| Information |
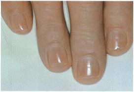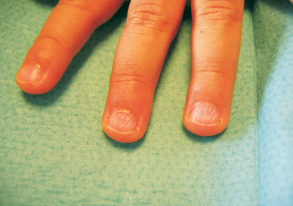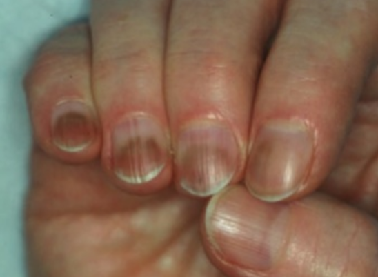 La presenza di una linea marrone tra la zona rosata e il margine libero dell’unghia, suggerirebbe una malattia renale come fattore causale.
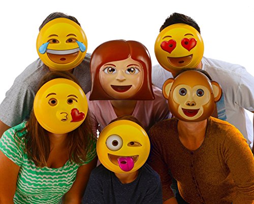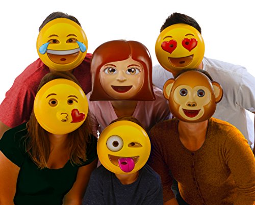 Every order includes 6 Emoji Masks for the Halloween Party: Order Comes with Tears of Joy, See No Evil, Hear No Evil Monkey, Concierge Girl, Kissy Face, Heart Eyes & Winking with Tongue.
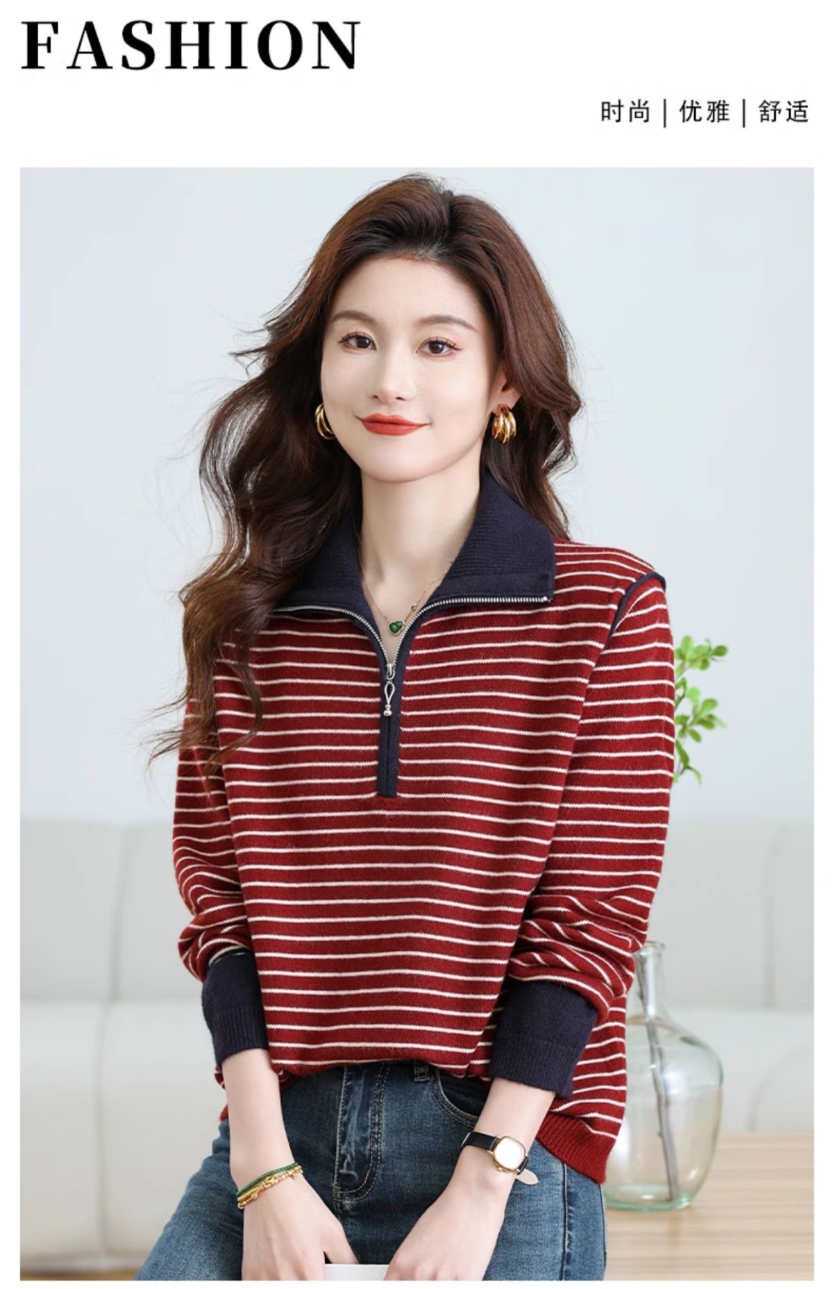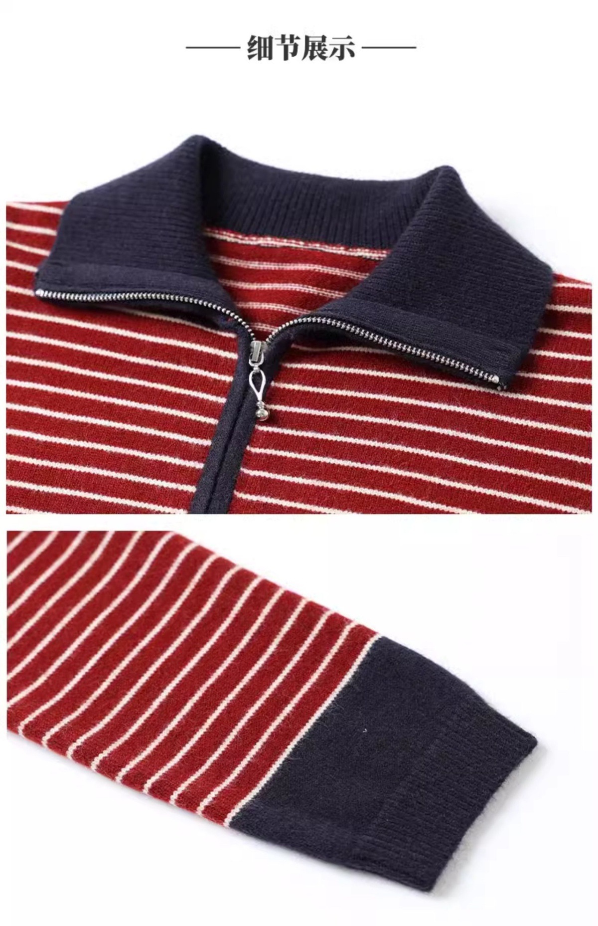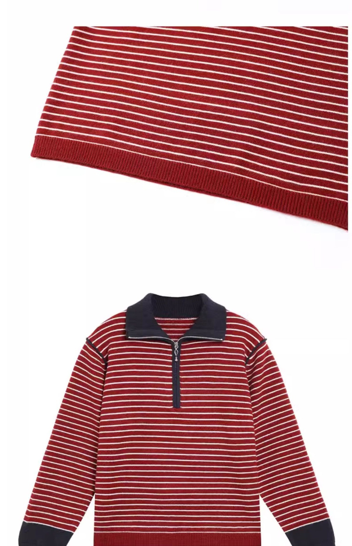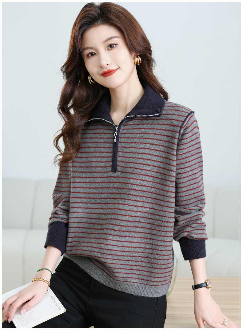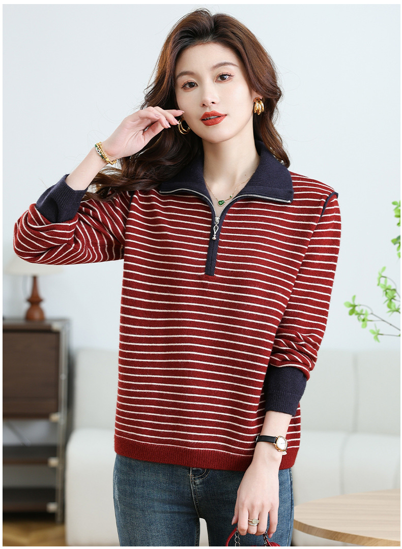 CC-17-6765小个子半拉链立领毛衣女士2024新款秋冬季洋气条纹显瘦厚款打底衫
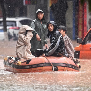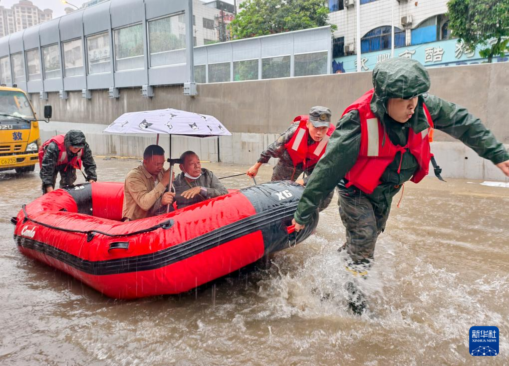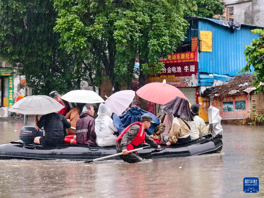 4月27日,武警官兵在钦州市新华路附近用冲锋舟将需要就医的群众送往附近的医院。
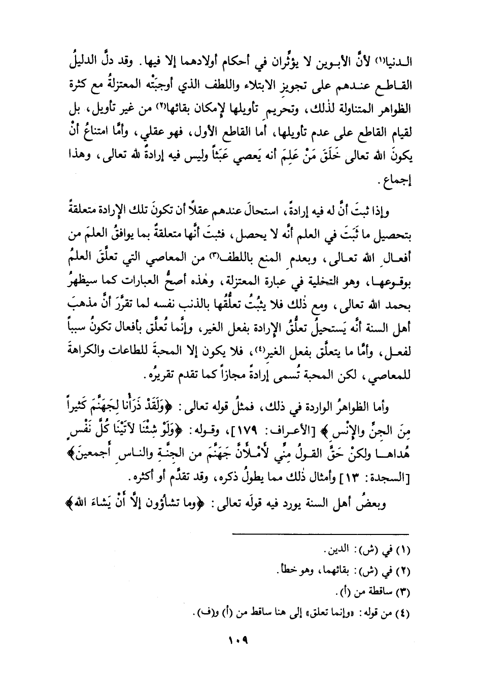 وبعض أهل السنة يورد فيه قوله تعالى: {وما تشاؤُون إلاَّ أنْ يَشاءَ الله}
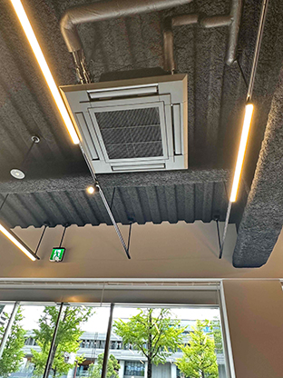 今回ご採用いただいた「パッケージエアコン」は、内装やインテリアに合わせてパネルカラーの選択が可能で、1階飲食店テナント部分には空間イメージに合わせてブラックをお選びいただきました。
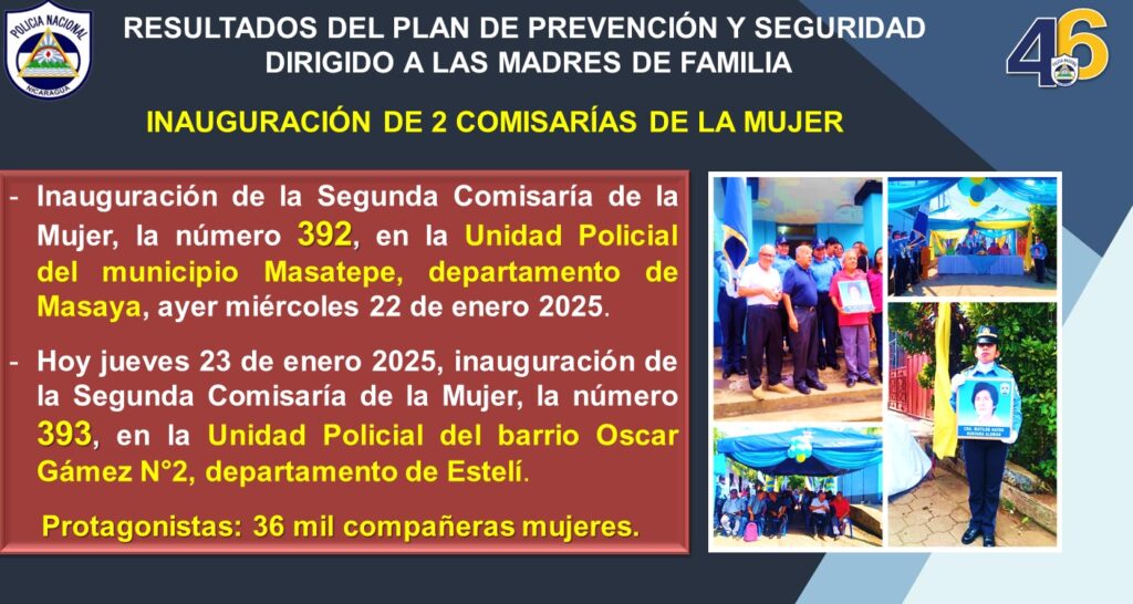 La Policía Nacional inauguró este jueves una Comisaria de la Mujer en Masaya y otra en el barrio Óscar Gámez del departamento de Estelí, ambas corresponden a la 392 y 393 instaladas por el Gobierno Central beneficiando a 36 mil protagonistas, informó el Inspector General, Jaime Vanegas.
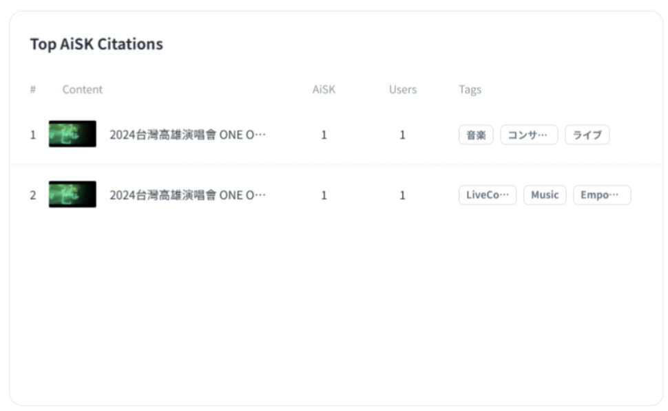 • Top AiSK Citations: You can confirm the top AiSK citations information
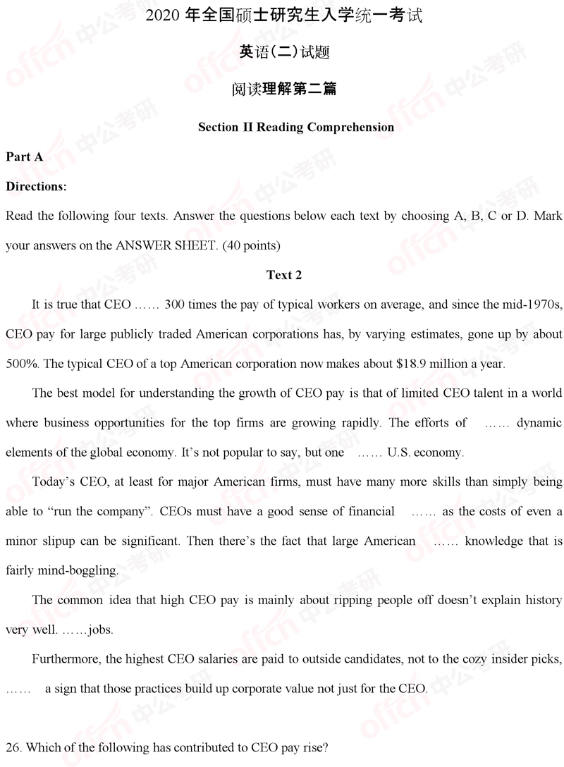 2020考研初试已正式开始,四川山西考研网初试后为大家整理发布“20考研,英语二考试答案”考研试题内容,中公考研各科研究院老师将对2020考研试题进行试题变化及难度解析,帮助大家做好考后准备、从容迎战后续复试调剂!
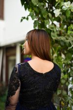 Measure the space between your shoulder points. Position the end of the tape flat against your back at the first shoulder point. You should be measuring across the broadest part of your shoulders which usually lands out roughly to 1 to 2 inches (2.5cm to 5cm) below the neckline.
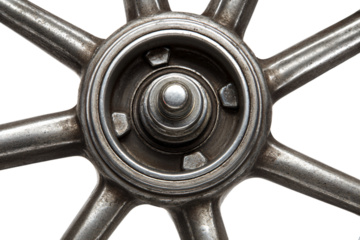 Metal axle tubes with cog-wheel, horizontal. On isolated transparent background.
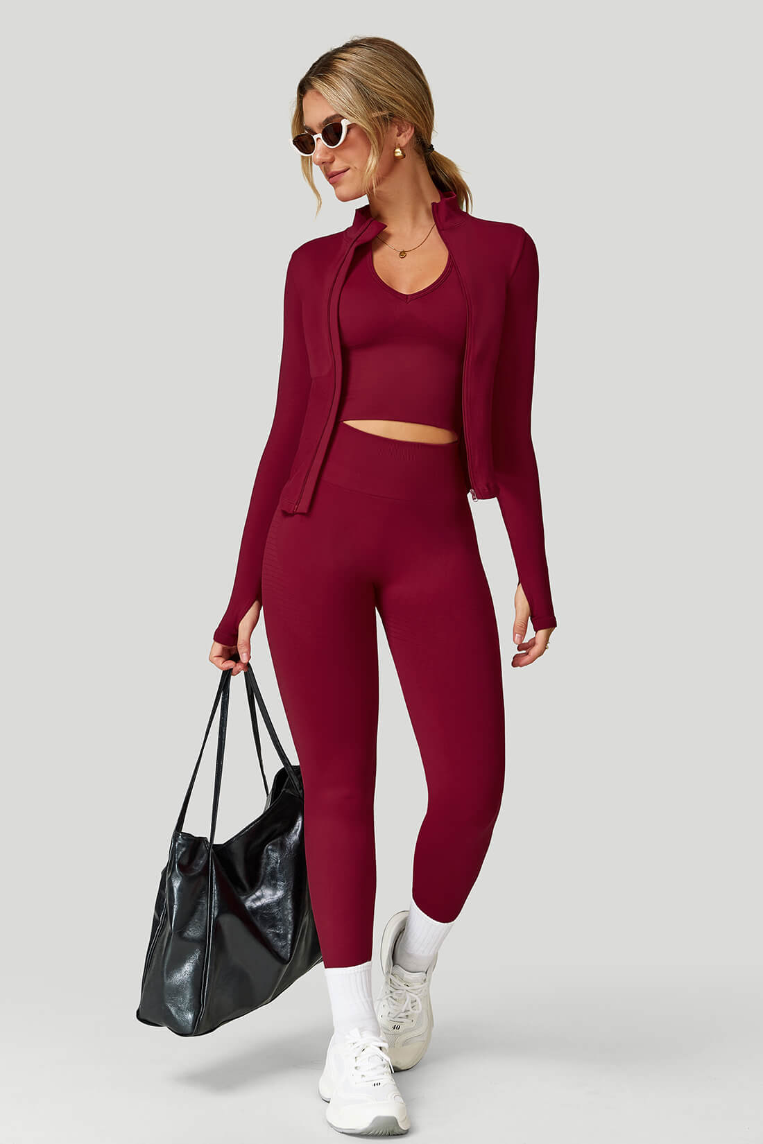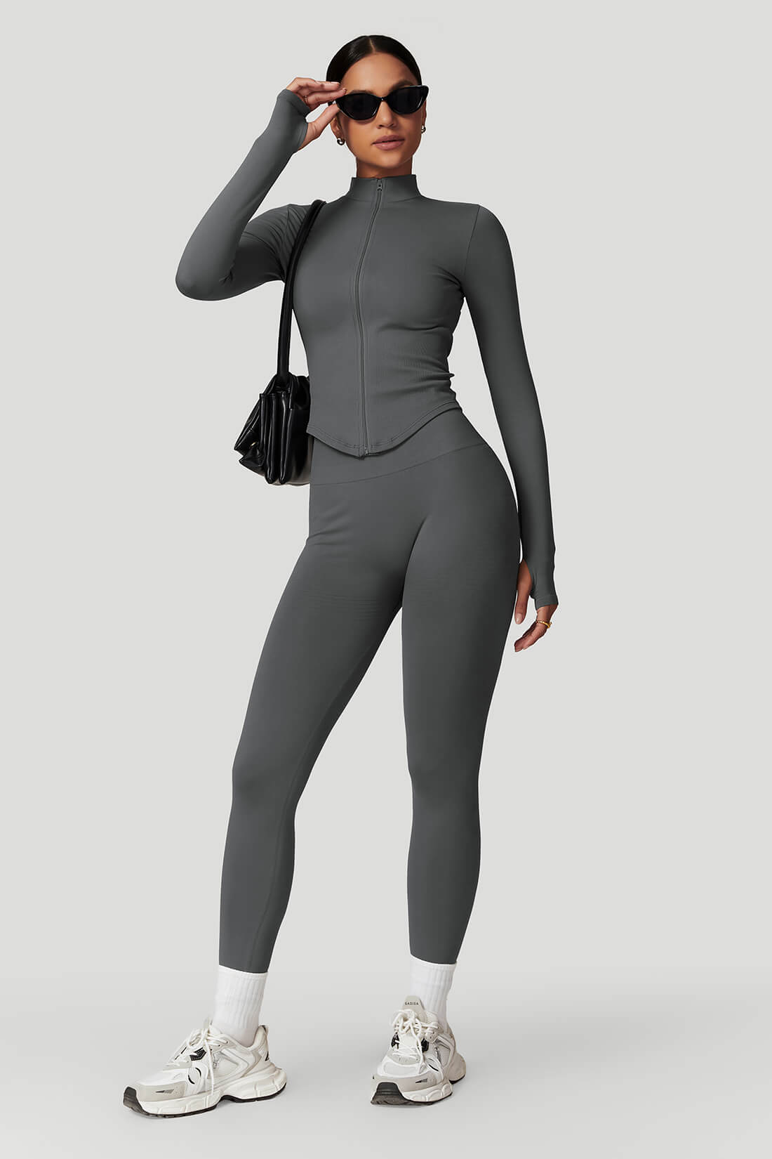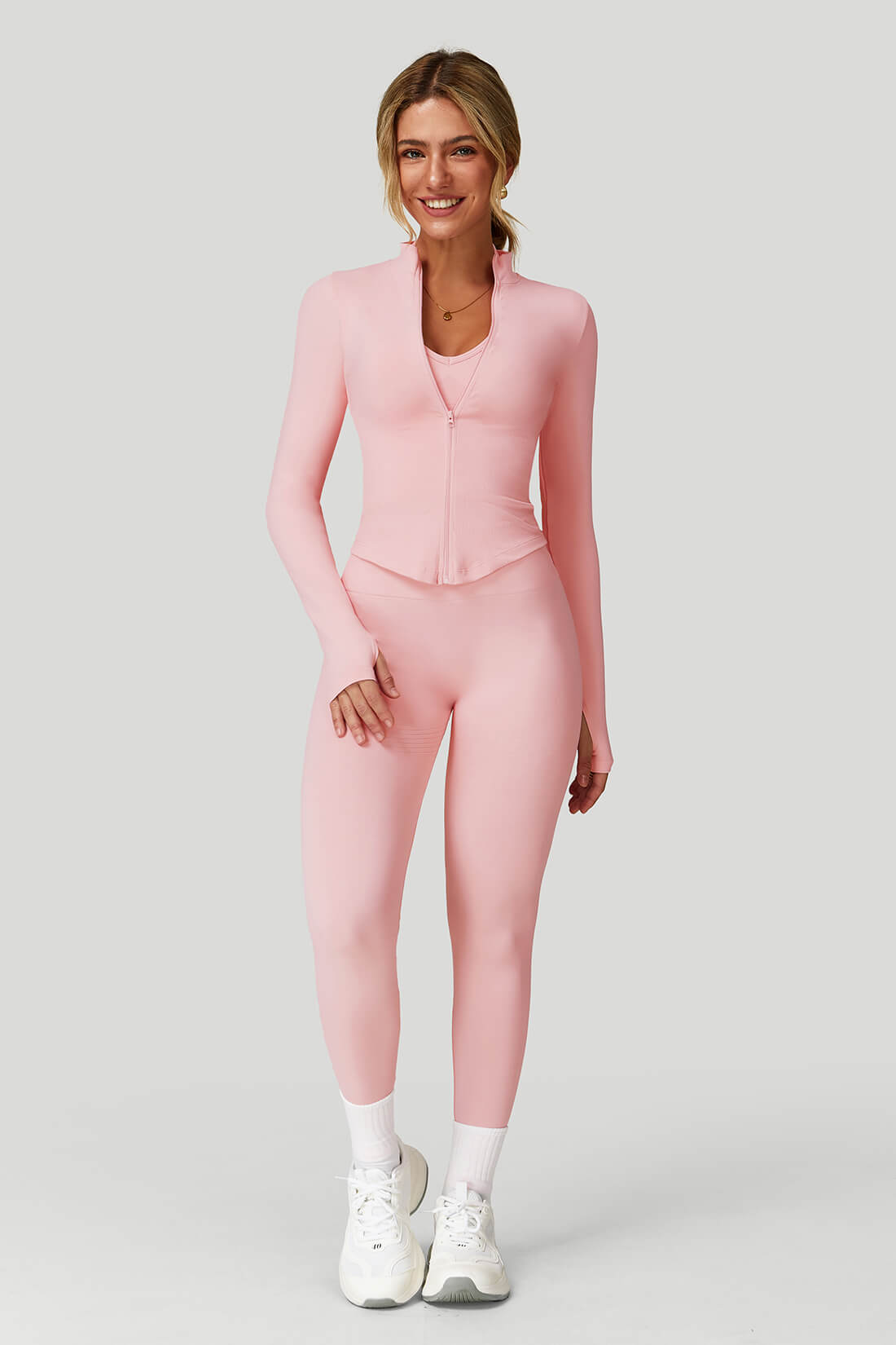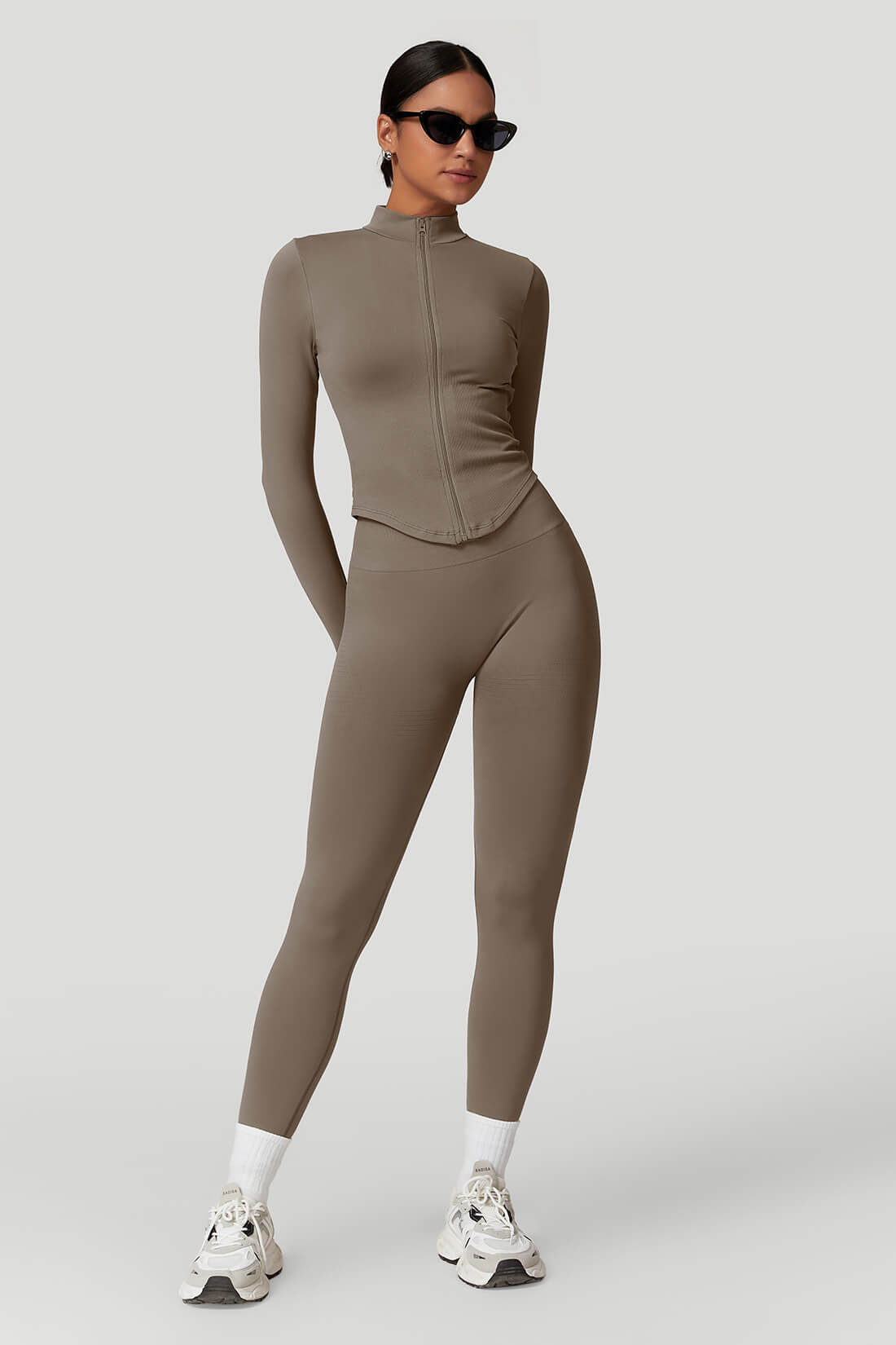 • Features: Nahtloses Design, formende Leggings, stützender Sport-BH, Layer-Jacke

| Task brief |
Go back to the line that contains "AiSK citations information" and copy it, along with each line after it through the end of the listing above, exactly and without pictures.

| Output for this task |
 • Top AiSK Citations: You can confirm the top AiSK citations information
 2020考研初试已正式开始,四川山西考研网初试后为大家整理发布“20考研,英语二考试答案”考研试题内容,中公考研各科研究院老师将对2020考研试题进行试题变化及难度解析,帮助大家做好考后准备、从容迎战后续复试调剂!
 Measure the space between your shoulder points. Position the end of the tape flat against your back at the first shoulder point. You should be measuring across the broadest part of your shoulders which usually lands out roughly to 1 to 2 inches (2.5cm to 5cm) below the neckline.
 Metal axle tubes with cog-wheel, horizontal. On isolated transparent background.
 • Features: Nahtloses Design, formende Leggings, stützender Sport-BH, Layer-Jacke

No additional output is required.